Abstract

Corrosion of GaAs can readily happen in acidic and alkaline aqueous electrolytes. The instability of GaAs is a major difficulty in implementing GaAs-based photoelectrochemical solar energy-conversion systems. In this paper, the corrosion behavior was investigated by electrochemical methods and surface-analysis approaches, in both H2SO4 and NH3·H2O solutions. Open-circuit testing showed that the GaAs surface was very sensitive to water/air although the process to build a stable interface between GaAs and electrolyte is slow. Comparison of the impedance data for n- and p-GaAs showed that an inductive loop only appeared at a high corrosion rate. This induction loop was due to the Faradaic adsorption process being the rate-determining step. This can only be explained by a mechanism in which a reaction intermediate, instead of holes, after capture of the first hole is the oxidant for further decomposition steps in combination with a chemical reaction with water. The results suggest that the same corrosion/decomposition mechanism occurred on both n- and p-GaAs and also in the two solutions. When the surface hole concentration was low, the hole injection or generation process was the rate-determining step.
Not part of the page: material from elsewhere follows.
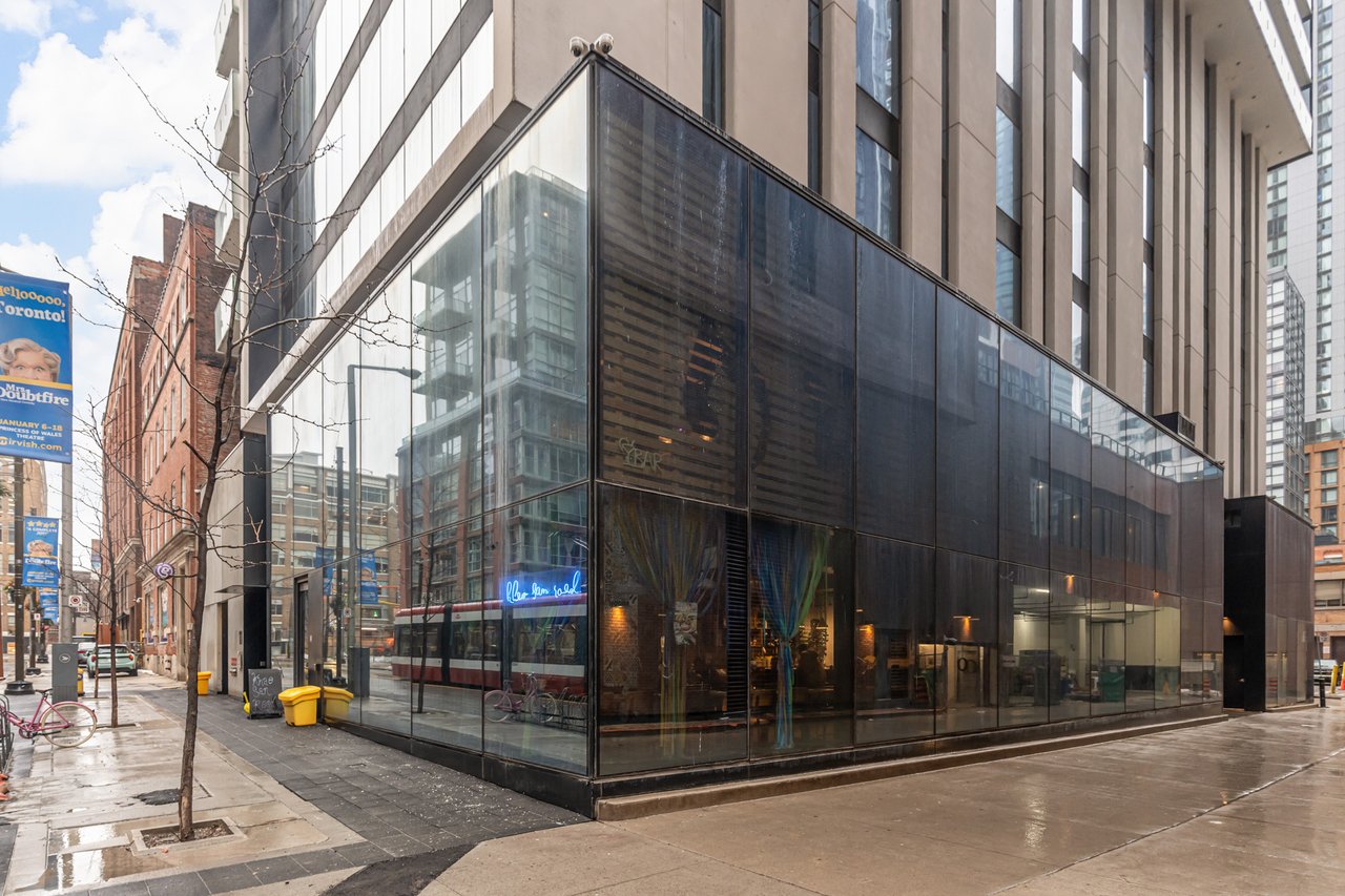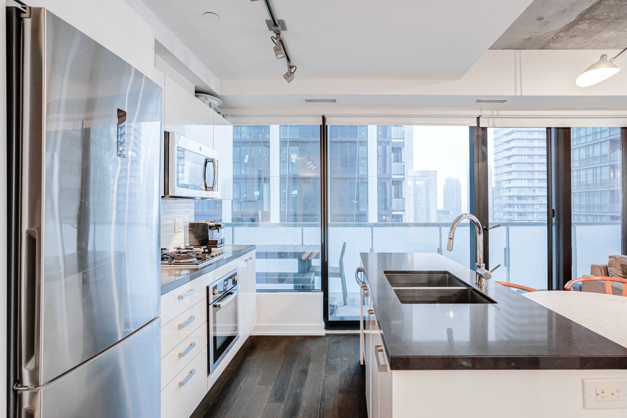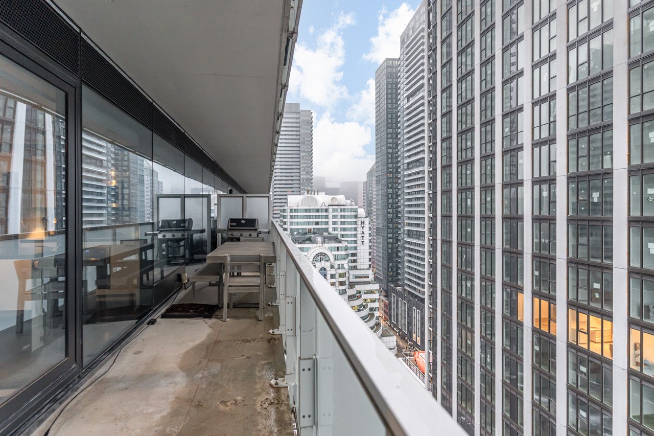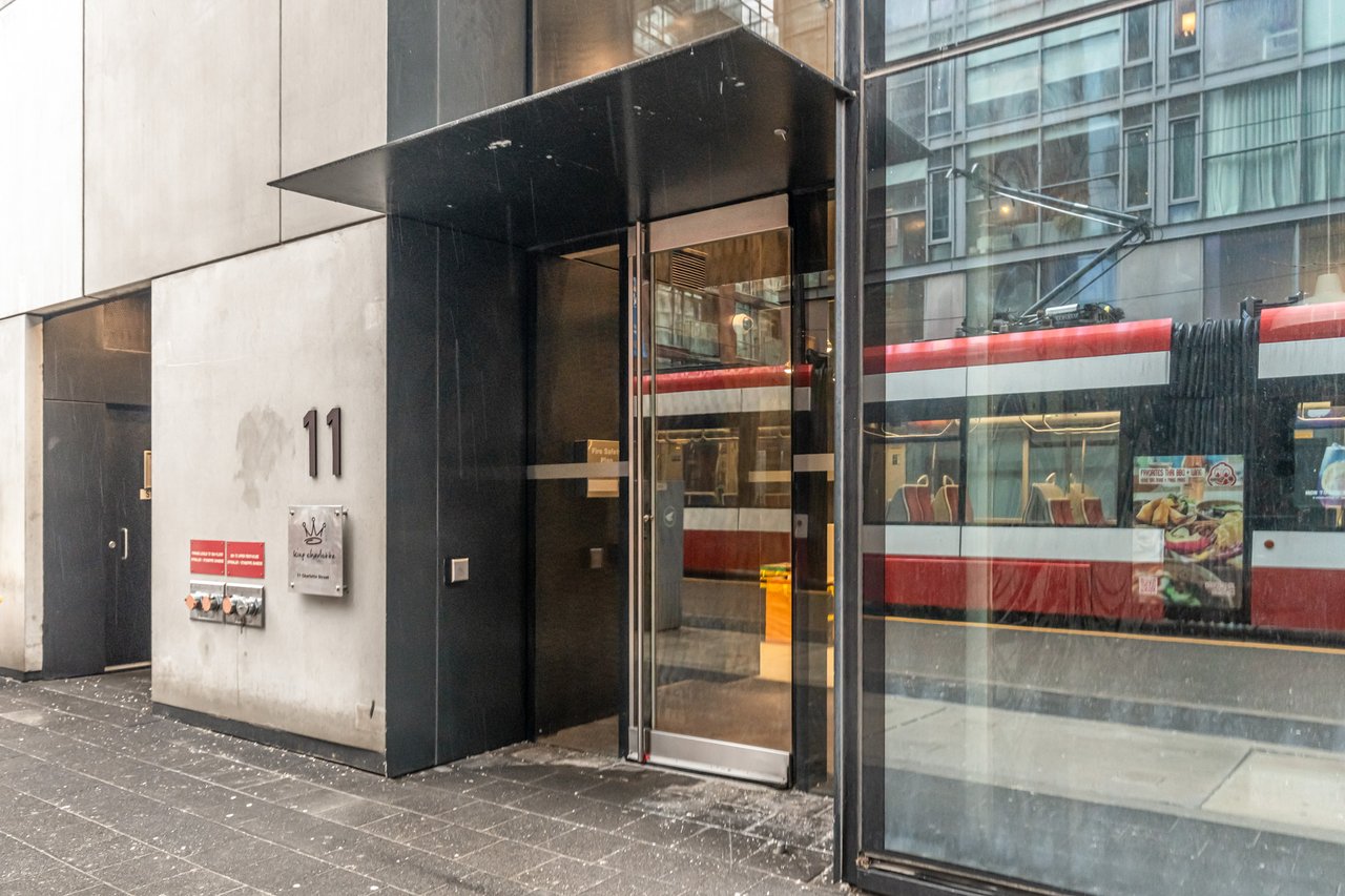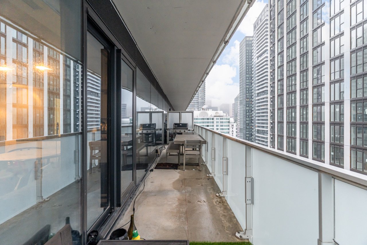 Soft Loft Dreams Are Made Of These! Welcome To The King Charlotte - Located In The Heart Of The Entertainment District. Beautifully Appointed 2 Bedroom, 2 Full Bathroom Suite - Boasting A Highly Sought After Split Floor Plan. Situated On The South West Corner Of The Building Offering An Abundance Of Natural Light With Sweeping Cityscape & Lake Ontario Views! Enjoy Oversized Balcony, Spanning The Length Of The Unit - Outfitted With Gas BBQ. Exposed Concrete Ceilings & Floor To Ceiling Windows Throughout. All Light Fixtures & Window Coverings Included. Primary Bedroom Offers Large Closet & 4pc Ensuite Bathroom. 1 Underground Parking Included. Building Is Rich In Amenities: Rooftop Tanning Deck & Outdoor Pool, State Of The Art Fitness Centre, 24hr Concierge, Party Room & Much More.

At large reverse bias on n-GaAs, with high hole concentration or forward biasing of p-GaAs, the corrosion rate was limited by a Faradaic adsorption process, involving an adsorbed intermediate. The different surface compositions after corrosion in the two solutions can be explained by the dissolution of As(0). It is pointed out that the further oxidation of As(0) to As(III) in NH3·H2O solution is still slow, as suggested from X-ray photoelectron spectroscopy (XPS) analysis.